** Recorded data follows **

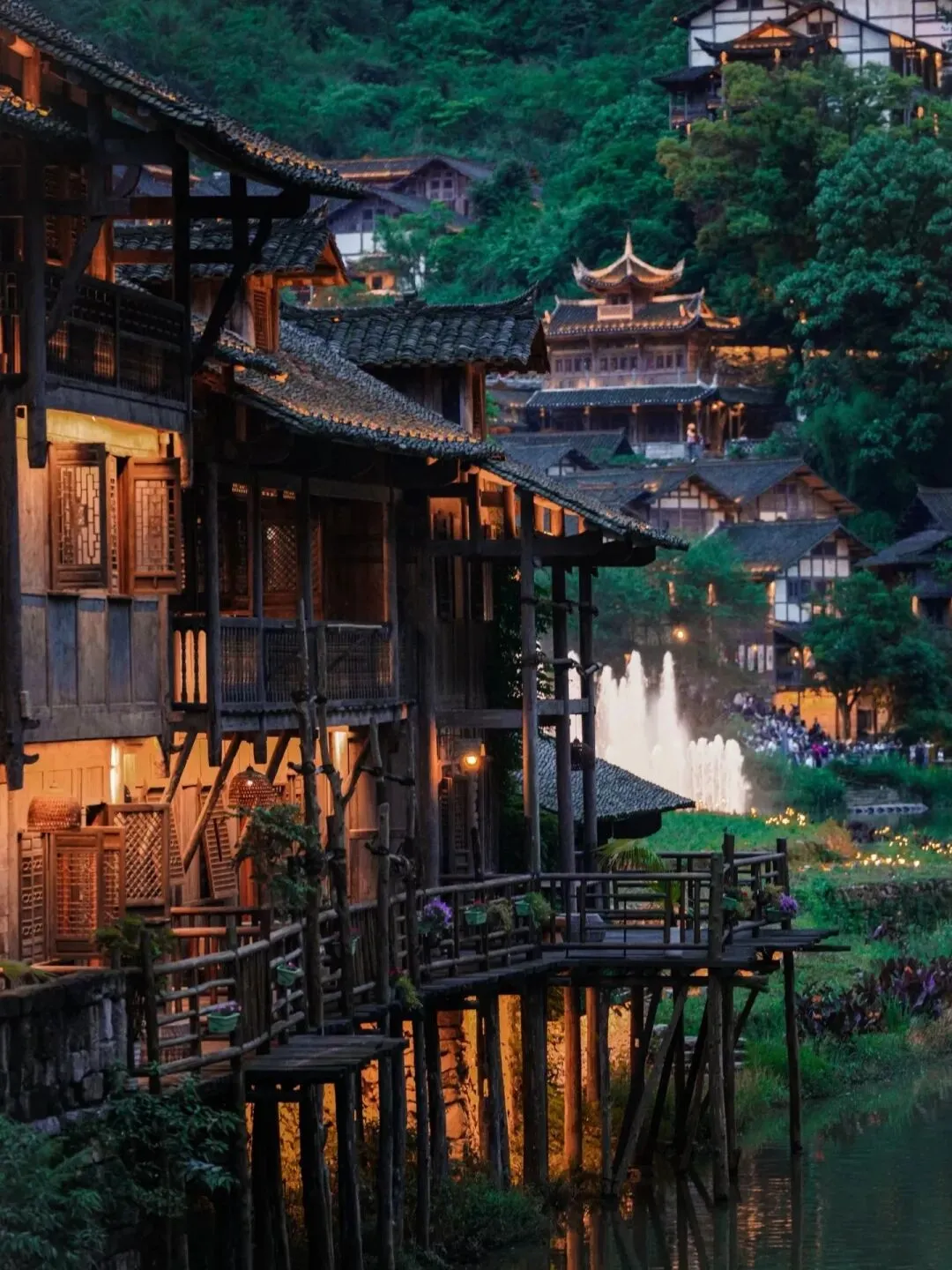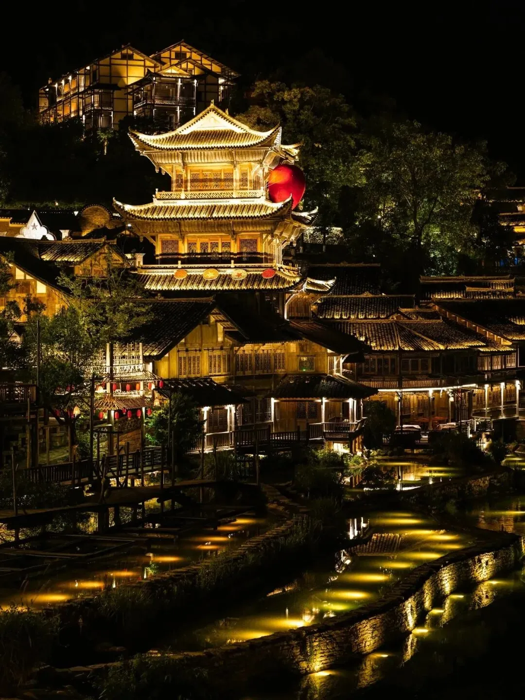 ✨黔北私藏古寨,临水吊脚楼错落,夜景温柔出圈💕
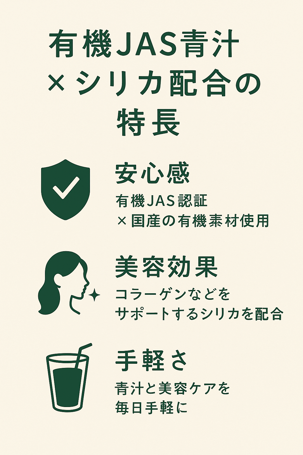 有機青汁シリカ(美容青汁)は、オーガニック素材にこだわった“飲む美容習慣”です。
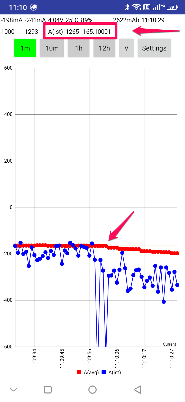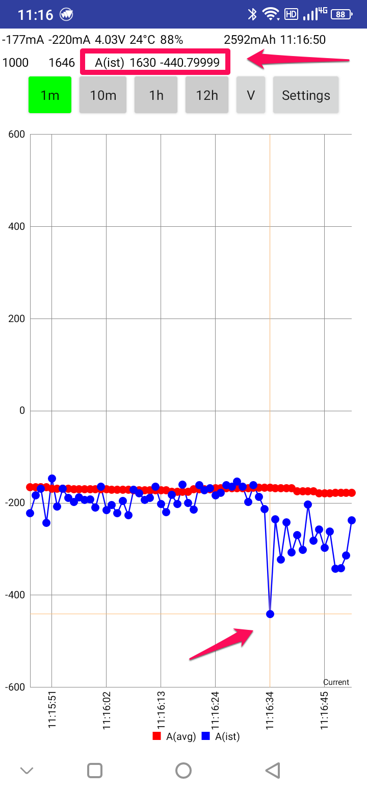 In my case ( on my phone ) the average and istantaneous currents are both in the same scale and shown correctly.on the graph
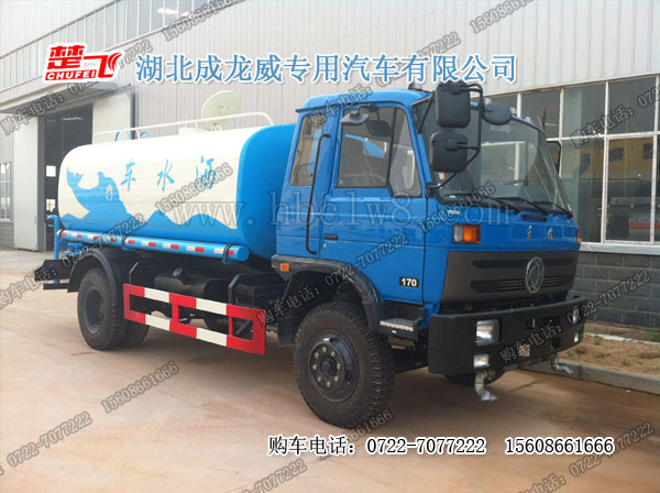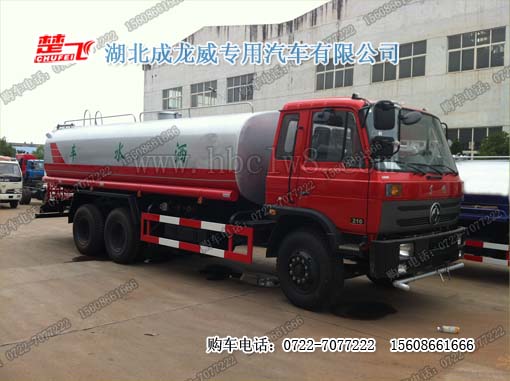 東風天錦灑水車;罐體容積;10-15噸 發動機:康明斯6缸190馬力;康明斯6缸185馬力;康明斯4缸180馬力;軸距:4700mm;輪胎:9.00-20;發動機帶渦輪增壓、中冷器;排半駕駛室(可翻轉)

** End of Recorded data **

• [Work task]:
Copy all the material word for word, minus its pictures.

• [Final answer]:
 ✨黔北私藏古寨,临水吊脚楼错落,夜景温柔出圈💕
 有機青汁シリカ(美容青汁)は、オーガニック素材にこだわった“飲む美容習慣”です。
 In my case ( on my phone ) the average and istantaneous currents are both in the same scale and shown correctly.on the graph
 東風天錦灑水車;罐體容積;10-15噸 發動機:康明斯6缸190馬力;康明斯6缸185馬力;康明斯4缸180馬力;軸距:4700mm;輪胎:9.00-20;發動機帶渦輪增壓、中冷器;排半駕駛室(可翻轉)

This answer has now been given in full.